In this post, we will cover the top 3 direction‑setting contributions of the DeepSeek-V3.2 paper that we think will evolve into the new standard training practices that are worthwhile for ML engineers to understand. These double as tested knobs to turn if you would like to improve base models for a specific use case.

(1) DSA + MLA: reducing costs

Architecturally, DeepSeek‑V3.2 is almost the same model as V3.1‑Terminus. The primary innovation is DeepSeek Sparse Attention (DSA) layered on top of MLA, multi‑head latent attention, a dense attention variant that projects KV vectors into lower dimensional space to reduce memory usage.

DSA is composed of two components. First, a tiny lightning indexer scores all past tokens for relevance to the current query token. Then a token selector picks the top‑k previous tokens (2,048 out of a 128k context, a hyperparameter DeepSeek team selected) for the MLA to run on. Note that the indexer and selector are both learned. In combination, they create an attention mask that filters out less relevant tokens.

One of the biggest bottlenecks for running LLMs is that multihead attention is a quadratic, O(N^2), operation. However, since the lightning indexer is in FP8 with a handful of heads, its nominal quadratic cost is dwarfed by the savings from not doing full MLA on the entire context. End‑to‑end cost per token is almost flat out to 128k during prefilling, and only grows linearly in k during decoding, on the order of O(N*k) where k<<N.

Equation for lightning indexer for DeepSeek V3.2

The real implication is DSA is there so we can afford an absurd number of reasoning tokens. If we look at the Speciale variant, on reasoning benchmarks (AIME, HMMT, IMOAnswerBench, LiveCodeBench), Speciale often matches or beats Gemini‑3.0‑Pro. But there is no free lunch; Speciale consumes ~1.5–2x more output tokens than Gemini and GPT‑5 for the same problems. For example, on Codeforces, it reaches 2701 with ~77k output tokens per solution on average, vs 22–29k for GPT‑5 and Gemini‑3.0‑Pro.

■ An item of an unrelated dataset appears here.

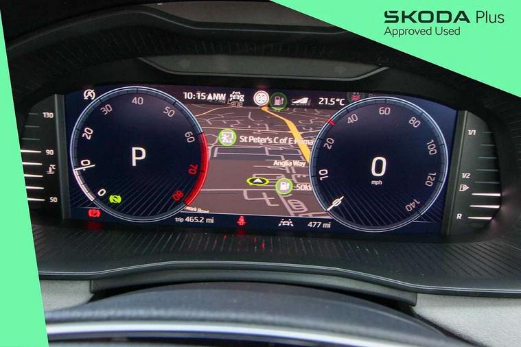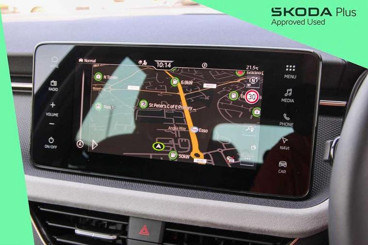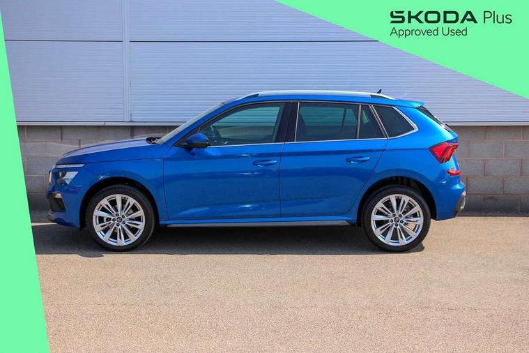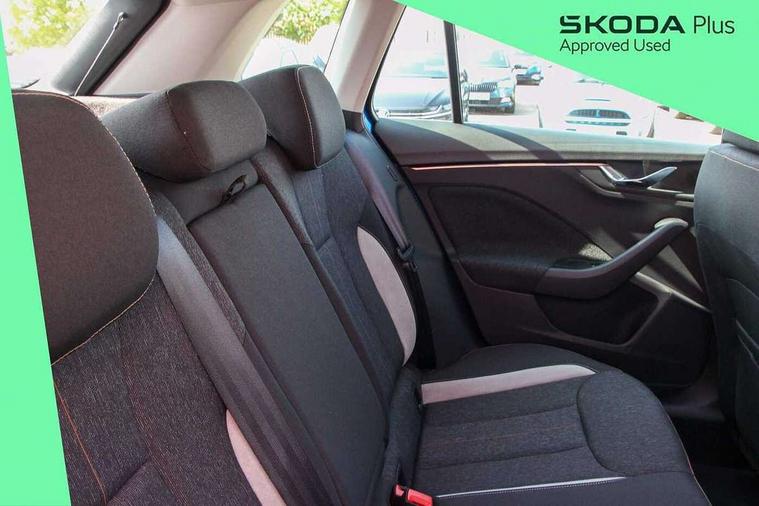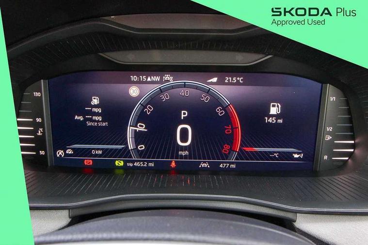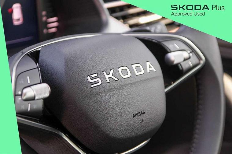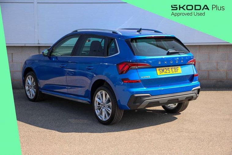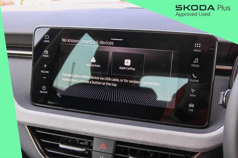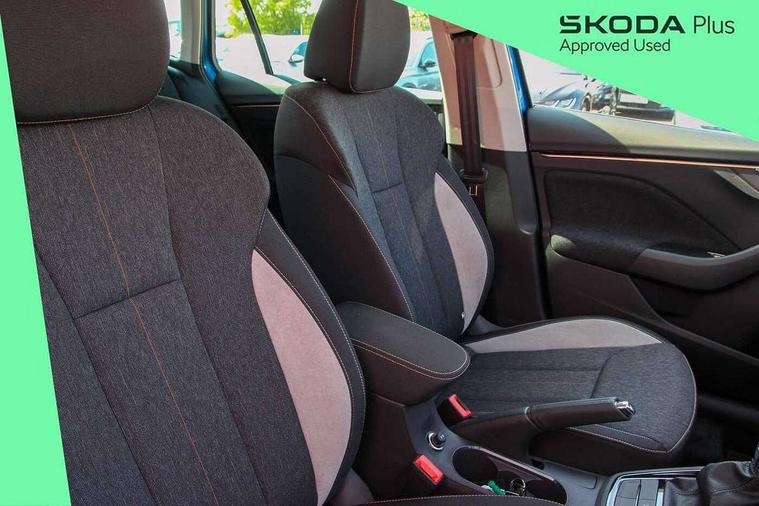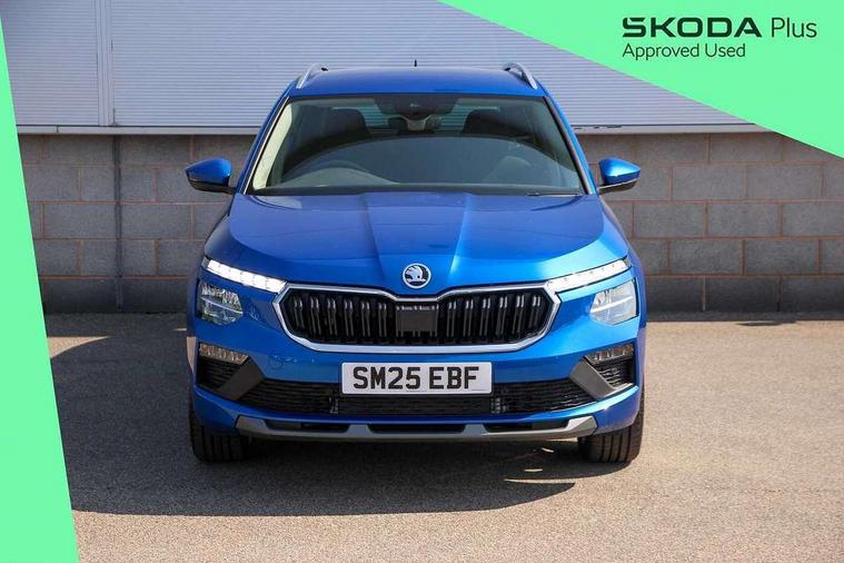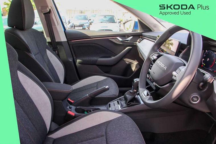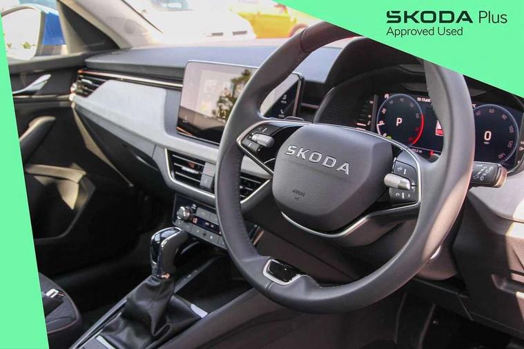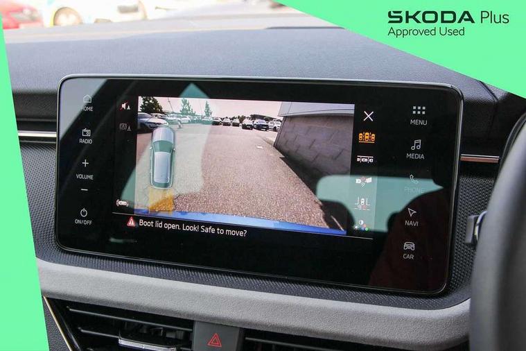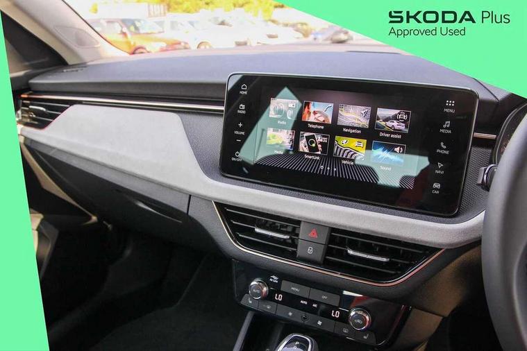Advanced driver attention and drowsiness monitor, Bluetooth system, E-call, Front assist system, PAS, Rear parking sensors, Rear view camera, Service indicator, Speed limiter, Traffic sign recognition, Virtual cockpit with 10.25" display, Voice control system, Wireless smartlink, 4 USB C ports, 8 Speakers, 9.2" Skoda navigation display, DAB Digital radio, Auto dimming rear view mirror, Automatic headlight control with coming home and leaving home feature, Body colour bumpers, Body colour door mirrors and handles, Chrome grille surround, Chrome roof rails with chrome window surround, Front and rear electric windows, Heated rear window, LED daytime running lights, LED high beam, LED low beam, LED third brake light, Light sensors, Privacy glass, Rear side wing doors, Rear wiper, Ticket holder inside windscreen, 12V socket in luggage compartment, 3 seat bench in 2nd row, Accent black door inserts, Ambient lighting in white/red, Cargo elements, Chrome inner door handles, Copper hotstamping, Driver and passenger sun visors with vanity mirror, Dual zone climate control, Front and rear roof lights, Front centre armrest, Front head restraints, Glove compartment with illumination, Height adjustable driver seat, Height adjustable front passenger seat, Ice scraper, Inner circulation control with pollen filter, ISOFIX on front passenger seat, Isofix preparation for back seats, Leather gearknob and handbrake lever, Lodge cloth upholstery, Manual lumbar support for front seats, Net package and top tether hooks in boot space, Net under rear shelf, Overhead glasses storage compartment, Pocket on the back of both front seats include mobile phone pockets, Rake/reach adjustable steering wheel, Reading lights, Rear centre armrests, Single front passenger seat, Suedia grey decor inserts, Textile floor mats, Third rear headrest, Top tether for front passenger seat, Umbrella in driver's door, Convenience pack - Kamiq, 3x3 point rear seatbelts, Airbags - driver and front passenger, Disc brakes, ESP, Extended and predictive pedestrian/cyclist protection, Front passenger airbag deactivation switch, Front side airbags with curtain airbags, Hill hold control, Manual leather parking brake, Manual rear child locks, One tone horn, Seatbelt reminder for driver an co-driver, Traction control, Tyre pressure monitor, Anti-theft alarm system with interior monitoring, backup horn, towing protection and remote central locking with SAFE system, Anti-theft wheel bolts, Electronic engine immobilizer,

Lightning Indexer and Top-k Selector

DSA is effectively trading FLOPs spent on parameters for FLOPs spent on tokens during inference time. That’s a different knob than we’ve had historically. The lesson is if you can’t yet afford a bigger or intensively pretrained base model, lean into test‑time compute and make it cheap with better attention. This framing matters for RL vs SFT: SFT mainly improves what you can do at 1x test‑time compute, whereas RL + DSA lets you buy capability by increasing test‑time compute and still stay within a linear cost envelope.

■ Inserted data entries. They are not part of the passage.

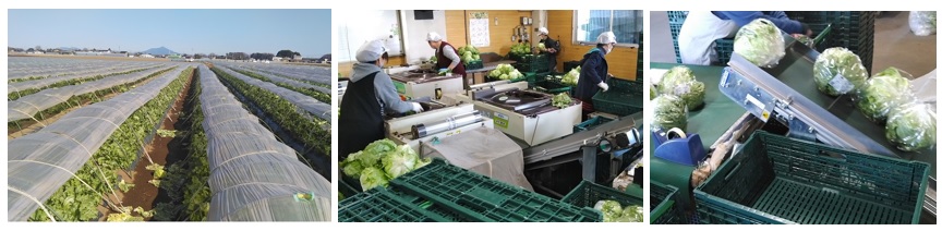 レタスの出荷が最盛期です。左から、「圃場」「包装の様子」「ラップに詰まれてどんどん流れてきます」
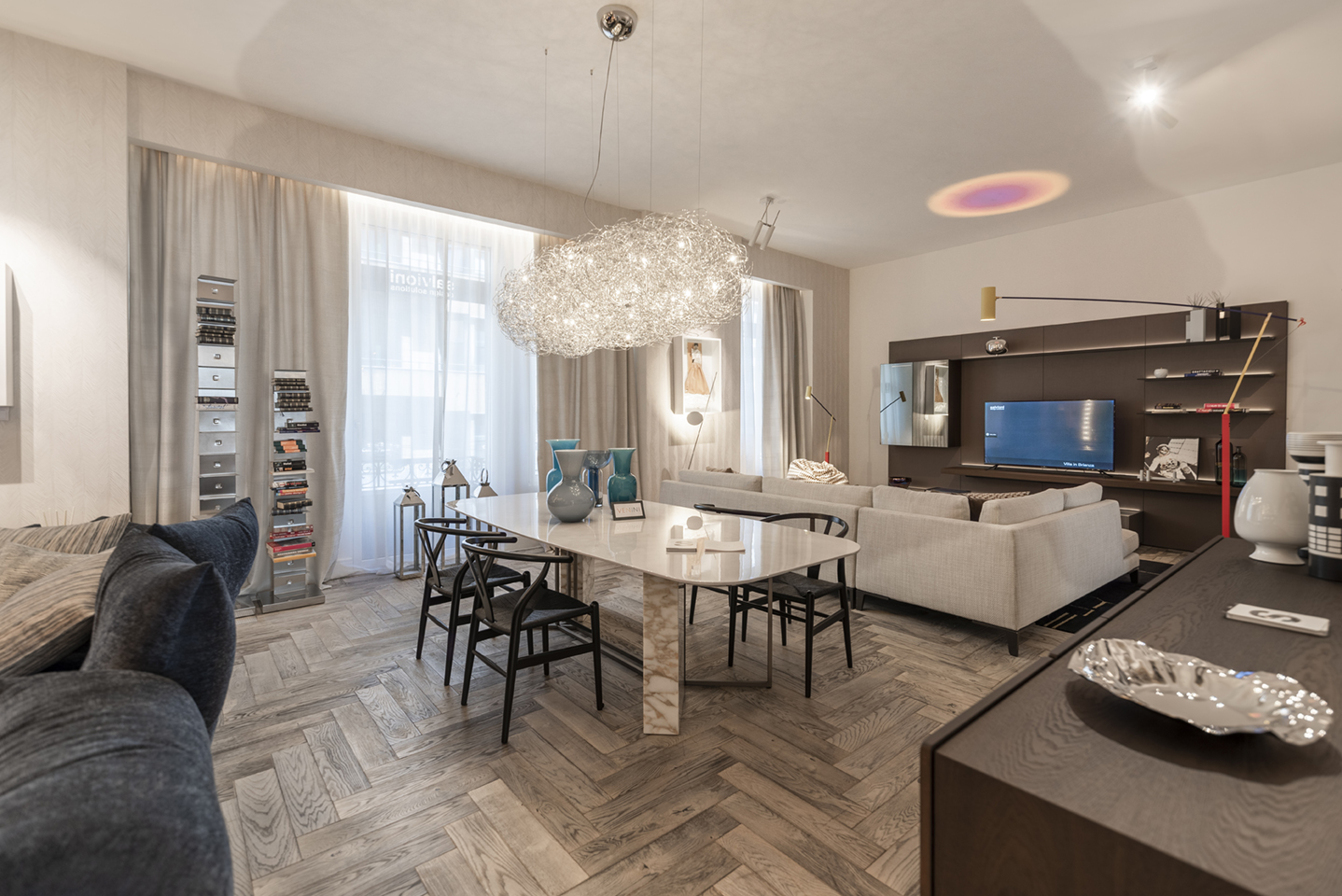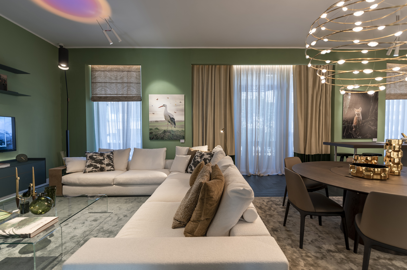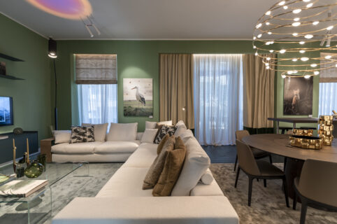 A precious selection of fabrics made by the Roberto Molteni brand enriches the mix of furniture, colors and materials, creating the perfect harmony between different environments and contexts.
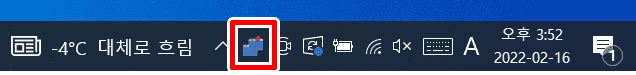 보이지 않는다면 작업표시줄 ∧ 버튼을 누르고 탑모스트 아이콘을 찾아서 마우스 우클릭해주시면 됩니다.
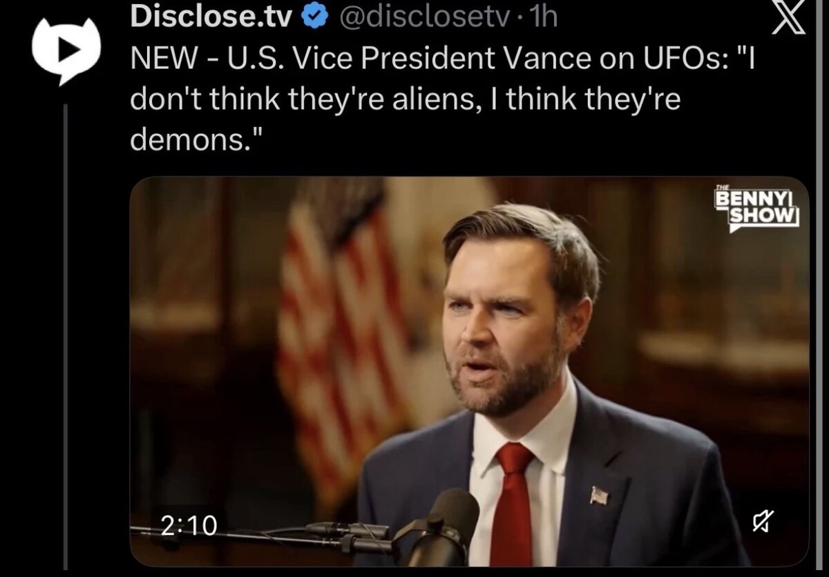 Saturday at 08:01 PM3 days 20 minutes ago, Talkingbirds said:Coming soon JD Vance as the demon hunter in remake of Tale from the Crypt’s : Demon Knight, Captain of Space Force.The new Maga talking point to deflect from the No Kings Rally. Another Christian Nationalist belief in their made up religion.
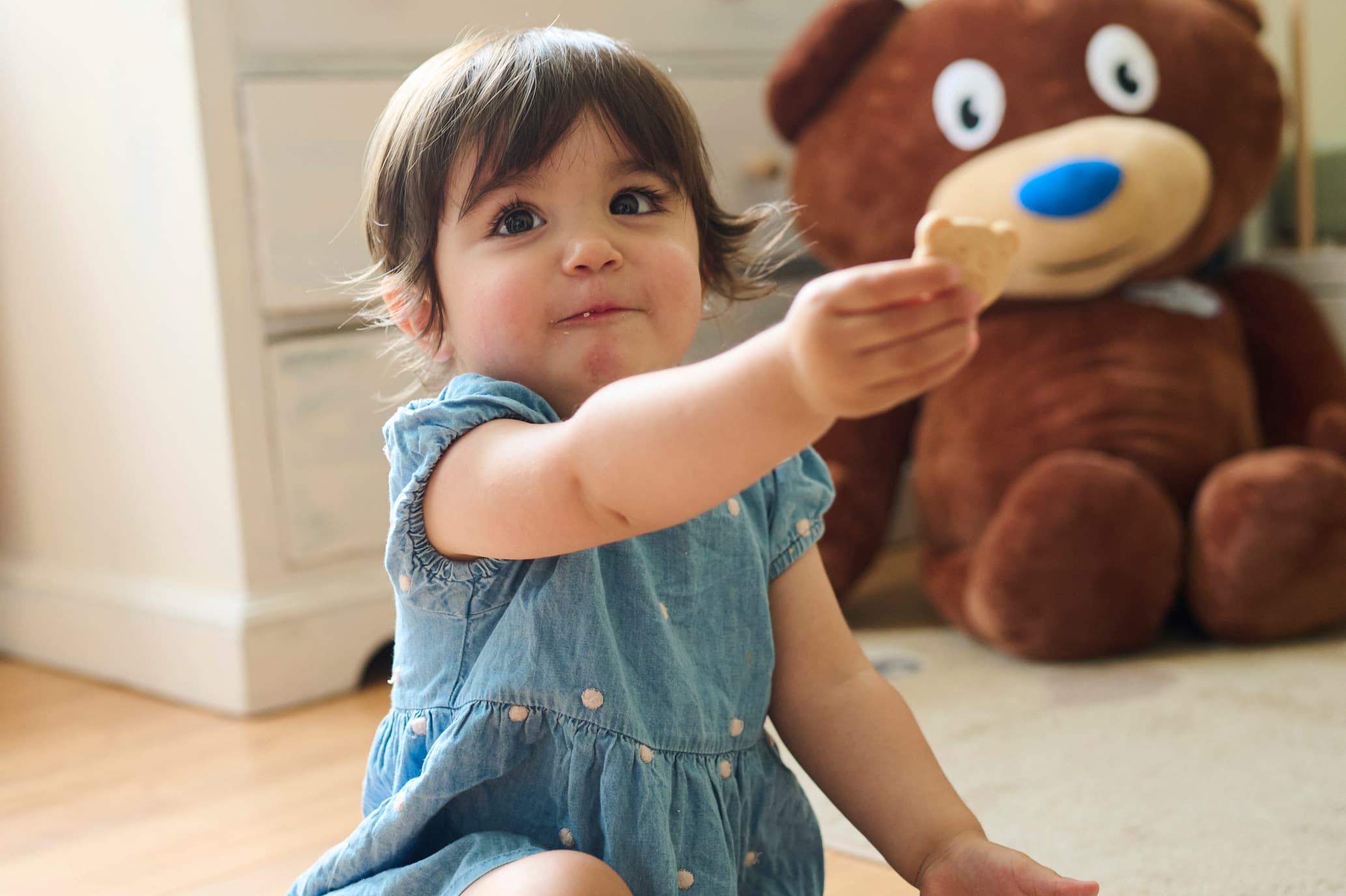 Psst! Is jouw kindje ook fan? Goed nieuws: je vindt onze herkenbare koekjessmaak ook terug in onze groeimelk met koekjes én in een van onze fruitzakjes.

Inference Cost Decrease from DeepSeek-V3-1-Terminus to DeepSeek-V3.2

(2) Scaling RL: increasing performance reliably

DeepSeek explicitly stated their RL budget is >10% of pre‑training compute, which is disproportionately large compared to historical spend for RL. Interestingly, Grok recently admitted to operating in this same regime, and other labs likely do as well. It's in the same ballpark as what Meta’s ScaleRL paper calls out as the high‑return regime: once RL is a double‑digit fraction of pre‑training FLOPs, you start to see qualitatively new behaviour rather than marginal polish: https://arxiv.org/html/2510.13786v1.

DeepSeek uses GRPO but implements fixes discussed in recent theory papers. They selected some subset of the zoo of GxPO-variants to induce stability in training: unbiased KL estimate with corrected K3 estimator has been discussed for a while, and off-policy sequence masking to reduce learning from off-policy rollouts. Keep Routing and Keep Sampling Mask are also used to increase training stability for the model by aligning differences between training and inference.

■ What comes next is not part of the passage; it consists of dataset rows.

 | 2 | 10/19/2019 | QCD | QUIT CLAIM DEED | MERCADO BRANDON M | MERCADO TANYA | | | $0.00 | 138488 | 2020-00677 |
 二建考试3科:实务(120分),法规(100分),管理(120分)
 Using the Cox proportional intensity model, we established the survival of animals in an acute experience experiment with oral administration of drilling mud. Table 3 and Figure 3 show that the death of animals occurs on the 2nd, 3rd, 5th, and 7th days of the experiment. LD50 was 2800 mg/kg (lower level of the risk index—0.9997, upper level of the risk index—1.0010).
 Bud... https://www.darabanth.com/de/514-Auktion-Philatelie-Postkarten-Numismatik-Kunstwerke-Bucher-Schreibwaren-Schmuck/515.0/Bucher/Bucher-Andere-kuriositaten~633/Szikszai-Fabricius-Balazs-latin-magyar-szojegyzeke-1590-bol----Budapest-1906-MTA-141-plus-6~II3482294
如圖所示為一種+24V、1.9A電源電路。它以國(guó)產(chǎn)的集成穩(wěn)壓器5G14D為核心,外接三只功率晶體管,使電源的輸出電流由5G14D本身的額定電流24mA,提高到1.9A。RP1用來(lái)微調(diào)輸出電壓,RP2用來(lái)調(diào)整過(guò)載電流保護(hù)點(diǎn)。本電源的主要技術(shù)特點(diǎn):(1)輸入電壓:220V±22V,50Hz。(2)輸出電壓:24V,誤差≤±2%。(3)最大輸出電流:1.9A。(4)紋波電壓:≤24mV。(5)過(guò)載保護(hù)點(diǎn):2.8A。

Put together, this is a clean instantiation of what the newer RL literature is converging on. Scaling RL is now less about inventing a new objective and more about making the old objective actually match what the infra (training vs inference) is doing. This is a strong data point for the broader RL vs SFT narrative: once you fix the mismatch and pay the FLOPs, RL reliably buys you big jumps in reasoning that SFT alone cannot do.

On the agent side, DeepSeek’s main contribution is how they package environments for RL. They synthesized 1,827 general agent environments and 4,417 tasks, each exposing a toolset and an automatic verifier; plus real‑world environments for code repair (GitHub issue/PR pairs) and search (commercial web APIs), and a Jupyter‑based code‑interpreter setup. Every environment is essentially a tuple <env state, tools, task, verifier>. Once you have that, RL is "just" GRPO with verifiable rewards.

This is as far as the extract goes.